Dish of seasoned chicken pieces that are coated and fried

Fried chicken, more formally known as Southern fried chicken, is a dish consisting of chicken pieces,
coated with seasoned flour or batter, that are pan-fried, deep-fried, pressure-fried, or air-fried. The breading adds a crisp coating or crust to the exterior of the chicken while retaining juices in the meat. Broiler chickens are most commonly used.

The first dish known to have been deep-fried was fritters, which were popular in the European Middle Ages. However, the Scottish were the first to have been recorded as deep-frying their chicken in fat with breadcrumbs and seasonings, as evidenced by a recipe in a 1747 cookbook by Hannah Glasse and a 1773 diary entry describing fried chicken on the Isle of Skye. The first known recipe in the US did not contain the seasonings that were in the earlier Scottish recipe. There is an English cookbook from 1736 which mentions fried chicken, the "Dictionarium Domesticum", by Nathan Bailey, where it is called "a marinade of chickens".

==History==
The expression "fried chicken" was first recorded in the 1830s, and frequently appears in American cookbooks of the 1860s and 1870s. The origin of fried chicken in the southern states of America has been traced to precedents in Scottish and West African cuisine. Scottish fried chicken was battered with seasonings and deep fried in lard and West African fried chicken added different seasonings, and was battered and cooked in palm oil. African seasoning techniques were used in the American South by enslaved Africans.

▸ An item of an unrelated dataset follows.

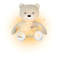 Miś - przytulanka z ukrytym w brzuszku projektorem światła i muzyki!Miękki, delikatny i miły w dotyku pluszak z ukrytym w brzuszku mechanizmem, dzięki któremu czas, który dziecko spędza z maskotką upływa przy akompaniamencie przyjemnej muzyki i efektów świetlnych. Przez brzuszek misia emitowane są efekty świetlne: intensywna, rozgwieżdżona poświata, delikatny blask, wewnętrzne światełko, idealne jako nocna lampka. Dźwięki, których maluch słucha nieprzerwanie przez 30 minut to muzyka klasyczna (Bach i Beethoven), muzyka nowoczesna, soft rock, jazz oraz dźwięki natury.Efekty uruchamia naciśnięcie przycisku z serduszkiem, umieszczonego na brzuszku misia.Zabawkę można prać w pralce.Wiekod 0 miesięcy

Fried chicken provided some means of an independent economy for enslaved and segregated African-American women, who became noted sellers of poultry (live or cooked) as early as the 1730s though this was cooked on a griddle. Because of the expensive nature of the ingredients, it was, despite popular belief, a rare dish in the African-American community reserved (as in Africa) for special occasions.
When it was introduced to the American South, Southern fried chicken became a common staple. Later, as the slave trade led to Africans being brought to work on southern plantations, the enslaved people became cooks. Since most enslaved people were unable to raise expensive meats, but were generally allowed to keep chickens, frying chicken on special occasions continued in the African-American communities of the South, especially in the periods of segregation that closed off most restaurants to the black population.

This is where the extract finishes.